Конечно, Маяковский — гений, то есть герой. В отличие от других, такими гениями не являвшихся, он не получил звания героя. Но его это не волновало. И он об этом прямо писал: «Сочтемся славою — ведь мы свои же люди, — / пускай нам общим памятником будет / построенный в боях социализм».
Нет труда вообще. Есть социалистический и капиталистический труд. В прежнее время были Герои Социалистического Труда. Теперь, наверное, должны быть Герои капиталистического труда. Так ведь? Но по очень понятной причине говорится просто о «Герое Труда». Причем говорится так же, как об иных традициях советского времени. Мол, онтологии нет как нет, а знаки прельстительны.
Знаете, как это называется? Культ карго.
Этот культ исповедовали туземцы. Они прельщались знаками, которыми был полон загадочный для них мир белого человека. В основном — самыми элементарными знаками, каковыми были вещи, имевшие непонятное предназначение, но притягательные в качестве амулетов.
Если в подлый перестроечный период существенная часть наших сограждан поклонялась западным вещам как притягательным амулетам, то теперь в виде таких амулетов начинают выступать некоторые знаки, заимствованные из советского периода. Причем речь идет о знаках, беспощадно отсекаемых от связанной с ними социальной бытийственности.
Вкратце перечислю основные из этих знаков, используемых по принципу карго (еще раз подчеркну, что теперь по этому принципу используется уже советская знаковая система).
Знак №1 — народные дружины. Не забыли еще госпожу Слиску, которая хотела задействовать этот амулет для нашего спасения от тотальной криминализации?
Знак №2 — «Моральный кодекс строителя коммунизма». Коммунизма нам не надо. И строить мы его не хотим. Но «Моральный кодекс» вполне себе ничего.
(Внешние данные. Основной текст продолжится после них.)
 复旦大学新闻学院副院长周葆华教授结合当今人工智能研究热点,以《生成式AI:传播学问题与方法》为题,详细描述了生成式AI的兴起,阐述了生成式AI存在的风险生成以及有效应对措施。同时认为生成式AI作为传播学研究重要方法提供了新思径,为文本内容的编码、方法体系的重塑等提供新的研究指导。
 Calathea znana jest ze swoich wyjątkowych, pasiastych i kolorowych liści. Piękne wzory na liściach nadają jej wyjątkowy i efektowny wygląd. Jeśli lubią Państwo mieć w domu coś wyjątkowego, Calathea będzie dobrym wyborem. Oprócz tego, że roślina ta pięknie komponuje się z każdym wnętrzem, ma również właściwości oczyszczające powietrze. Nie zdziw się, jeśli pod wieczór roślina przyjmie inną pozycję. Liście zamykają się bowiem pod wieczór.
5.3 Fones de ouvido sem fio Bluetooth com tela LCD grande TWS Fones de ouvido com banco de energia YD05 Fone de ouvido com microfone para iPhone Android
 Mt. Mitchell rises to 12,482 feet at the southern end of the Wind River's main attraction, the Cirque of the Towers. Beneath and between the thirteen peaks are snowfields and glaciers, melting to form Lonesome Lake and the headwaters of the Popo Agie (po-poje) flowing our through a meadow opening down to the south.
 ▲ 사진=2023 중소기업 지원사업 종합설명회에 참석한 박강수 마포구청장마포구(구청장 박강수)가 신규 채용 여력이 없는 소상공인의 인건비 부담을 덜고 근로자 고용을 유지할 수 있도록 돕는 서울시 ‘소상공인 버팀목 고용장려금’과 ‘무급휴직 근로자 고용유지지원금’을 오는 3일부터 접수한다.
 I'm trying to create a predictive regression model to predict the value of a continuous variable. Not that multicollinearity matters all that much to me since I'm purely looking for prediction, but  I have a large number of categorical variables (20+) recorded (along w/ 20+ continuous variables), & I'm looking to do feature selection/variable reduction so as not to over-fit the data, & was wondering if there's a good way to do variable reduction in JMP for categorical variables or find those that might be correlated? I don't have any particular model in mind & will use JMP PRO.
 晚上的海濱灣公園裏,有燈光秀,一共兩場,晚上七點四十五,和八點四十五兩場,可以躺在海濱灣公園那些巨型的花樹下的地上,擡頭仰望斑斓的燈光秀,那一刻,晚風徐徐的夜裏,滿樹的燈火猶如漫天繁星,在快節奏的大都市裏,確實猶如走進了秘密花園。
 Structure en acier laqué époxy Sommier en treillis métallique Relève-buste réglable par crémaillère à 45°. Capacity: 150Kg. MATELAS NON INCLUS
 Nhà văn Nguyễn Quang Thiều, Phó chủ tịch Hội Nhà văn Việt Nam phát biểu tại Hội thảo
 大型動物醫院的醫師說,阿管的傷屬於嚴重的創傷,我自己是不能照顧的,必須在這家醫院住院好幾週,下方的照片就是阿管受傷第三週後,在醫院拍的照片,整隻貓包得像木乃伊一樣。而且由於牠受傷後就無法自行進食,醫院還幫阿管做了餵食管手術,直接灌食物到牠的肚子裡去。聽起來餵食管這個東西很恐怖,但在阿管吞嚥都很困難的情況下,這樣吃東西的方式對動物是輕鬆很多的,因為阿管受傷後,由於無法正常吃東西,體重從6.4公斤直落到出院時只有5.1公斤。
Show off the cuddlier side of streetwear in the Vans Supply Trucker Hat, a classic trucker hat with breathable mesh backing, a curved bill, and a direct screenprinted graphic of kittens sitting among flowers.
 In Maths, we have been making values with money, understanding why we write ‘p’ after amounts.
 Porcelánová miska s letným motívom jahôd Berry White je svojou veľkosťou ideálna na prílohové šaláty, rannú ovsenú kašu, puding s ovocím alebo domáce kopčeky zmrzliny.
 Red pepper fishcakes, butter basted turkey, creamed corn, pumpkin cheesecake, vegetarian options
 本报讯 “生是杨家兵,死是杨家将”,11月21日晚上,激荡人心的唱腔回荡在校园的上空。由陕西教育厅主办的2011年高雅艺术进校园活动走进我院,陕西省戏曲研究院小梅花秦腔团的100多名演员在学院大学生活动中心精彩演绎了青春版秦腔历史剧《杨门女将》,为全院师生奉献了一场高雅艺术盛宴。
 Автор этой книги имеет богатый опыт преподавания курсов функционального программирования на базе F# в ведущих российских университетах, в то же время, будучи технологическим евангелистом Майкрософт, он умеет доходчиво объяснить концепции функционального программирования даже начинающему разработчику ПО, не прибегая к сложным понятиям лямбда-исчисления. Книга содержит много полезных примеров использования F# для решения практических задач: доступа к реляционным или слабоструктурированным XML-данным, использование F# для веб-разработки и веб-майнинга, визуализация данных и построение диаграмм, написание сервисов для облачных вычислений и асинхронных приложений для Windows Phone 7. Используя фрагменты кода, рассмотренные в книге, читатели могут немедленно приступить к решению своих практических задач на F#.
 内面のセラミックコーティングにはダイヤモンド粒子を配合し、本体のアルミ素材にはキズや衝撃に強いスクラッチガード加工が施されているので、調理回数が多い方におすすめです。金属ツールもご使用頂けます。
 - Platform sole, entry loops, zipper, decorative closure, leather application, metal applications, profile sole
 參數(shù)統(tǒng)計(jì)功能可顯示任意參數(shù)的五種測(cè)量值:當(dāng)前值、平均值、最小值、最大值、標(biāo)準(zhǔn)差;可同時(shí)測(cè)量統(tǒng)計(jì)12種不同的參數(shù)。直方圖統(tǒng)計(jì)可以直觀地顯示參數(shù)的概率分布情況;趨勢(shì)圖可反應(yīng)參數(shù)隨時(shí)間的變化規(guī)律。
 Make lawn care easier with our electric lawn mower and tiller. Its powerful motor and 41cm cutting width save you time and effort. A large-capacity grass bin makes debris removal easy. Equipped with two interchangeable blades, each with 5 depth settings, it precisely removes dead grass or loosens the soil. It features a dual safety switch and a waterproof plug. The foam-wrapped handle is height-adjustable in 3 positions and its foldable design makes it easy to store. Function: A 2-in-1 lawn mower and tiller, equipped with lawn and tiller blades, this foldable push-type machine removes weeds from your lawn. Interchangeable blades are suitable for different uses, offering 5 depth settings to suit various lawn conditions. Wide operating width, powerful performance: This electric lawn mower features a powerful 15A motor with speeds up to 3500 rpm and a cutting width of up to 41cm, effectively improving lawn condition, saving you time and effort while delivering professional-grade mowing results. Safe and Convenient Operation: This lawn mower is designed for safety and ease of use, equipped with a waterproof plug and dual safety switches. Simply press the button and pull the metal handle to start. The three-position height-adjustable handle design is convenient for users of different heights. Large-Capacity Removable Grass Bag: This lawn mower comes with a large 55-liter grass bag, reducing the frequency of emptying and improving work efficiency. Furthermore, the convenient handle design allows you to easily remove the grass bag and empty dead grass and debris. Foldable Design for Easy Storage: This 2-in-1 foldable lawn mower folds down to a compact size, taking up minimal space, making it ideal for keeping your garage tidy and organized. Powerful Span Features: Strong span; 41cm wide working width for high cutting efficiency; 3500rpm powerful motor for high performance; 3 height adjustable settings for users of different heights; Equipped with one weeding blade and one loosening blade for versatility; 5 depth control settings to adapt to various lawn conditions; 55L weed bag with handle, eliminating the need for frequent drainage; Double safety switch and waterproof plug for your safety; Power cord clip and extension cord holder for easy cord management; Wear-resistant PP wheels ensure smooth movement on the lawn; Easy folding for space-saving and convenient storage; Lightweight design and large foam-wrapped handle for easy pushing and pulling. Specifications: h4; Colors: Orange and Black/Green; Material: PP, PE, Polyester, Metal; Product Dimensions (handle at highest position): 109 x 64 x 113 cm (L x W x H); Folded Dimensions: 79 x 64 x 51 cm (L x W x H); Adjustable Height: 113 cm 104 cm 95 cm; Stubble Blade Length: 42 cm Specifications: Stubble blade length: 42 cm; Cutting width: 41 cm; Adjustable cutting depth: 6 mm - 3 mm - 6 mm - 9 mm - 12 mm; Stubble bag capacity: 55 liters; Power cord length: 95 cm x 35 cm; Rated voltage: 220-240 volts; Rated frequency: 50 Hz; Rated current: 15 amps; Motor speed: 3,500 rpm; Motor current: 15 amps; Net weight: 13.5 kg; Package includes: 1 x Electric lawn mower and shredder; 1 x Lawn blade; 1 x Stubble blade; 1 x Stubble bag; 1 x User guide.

Знак №3 — советский интернационализм, обеспечивающий мирное сосуществование народов с разной верой и национальной культурой. Наплевать на то, что подобное можно было обеспечить только за счет мощной сверхидеи, на которой, как на потолке, сияли люстры разных вер и национальностей. Сверхидеи не хотим, но интернационализм нравится.
Знак №4 — Герой Труда.
Да мало ли еще этих знаков, используемых именно по принципу карго?
Позитивный культ советского карго для меня неизмеримо лучше охаивания советского прошлого. Но, радуясь все новым элементам этого карго, я отдаю себе отчет в том, что карго не способно преодолеть «ситуацию Ч». И напротив, вполне может стать источником усугубления такой ситуации. Что можно один за другим восстанавливать знаки, смиряясь с их оторванностью от онтологии (то есть социальной бытийственности), и продолжать катиться в нынешнем катастрофическом направлении. Осекаясь при произнесении слова «катастрофа» (чур меня, чур!).
А потому давайте все же завершим наше онтологическое исследование. Оно же — разговор о главном, каковым для нас для всех, конечно же, является труд.
Я уже говорил о том, что в случае Владимира Маяковского огромная река его трудового поэтического творчества вливалась в море всеобщего благого труда. Но в это же море может вливаться и маленький ручеек какого-нибудь другого труда. Например, труда обыкновенного пекаря или плотника.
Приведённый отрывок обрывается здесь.